Any external attacker can bypass rate limiting entirely.
2. **C2 (InFlightCounter never increments)** — Graceful shutdown drain logic is
completely non-functional. The drain always times out.
3. **C3 (connect timeout capped at 5s)** — Per-site timeout configuration is
silently ignored for values > 5s.
4. **C4 (JSON format not applied without log file)** — Format config is silently
ignored in a common deployment mode (stdout-only JSON logging).

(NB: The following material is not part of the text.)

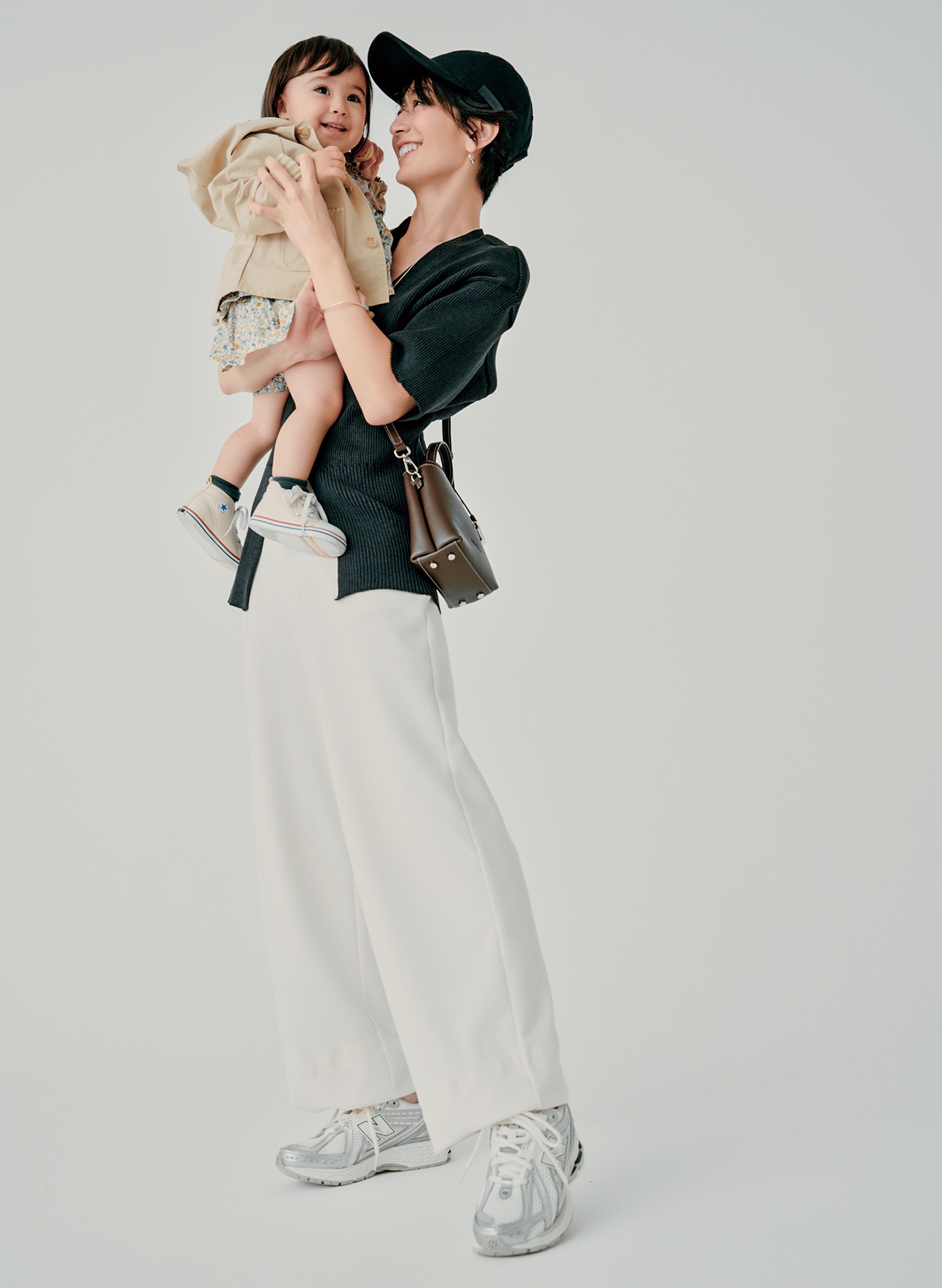 カジュアルに苦手意識のあるキレイめママにはモノトーンのスニーカースタイルを提案。甘めカットソーやシャツを使えば、いつも通りの気分でアウトドア仕様になれます。

5. **W1 (upstream host validation gap)** — Invalid upstream addresses pass config
validation.
6. **W2 (ACME contact validation gap)** — Empty email after `mailto:` passes
validation, fails at runtime.
7. **W3 (query string silently dropped)** — Data corruption on URI parse failure.
8. **W4 (admin socket resource limits)** — DoS vector for local socket access.
9. **W5 (TlsMode wildcard mismatch)** — Latent bug for future refactors.
10. **W6 (RawConfig/FullConfig duplication)** — Maintenance burden.
11. **Remaining W and S findings** — Fix opportunistically.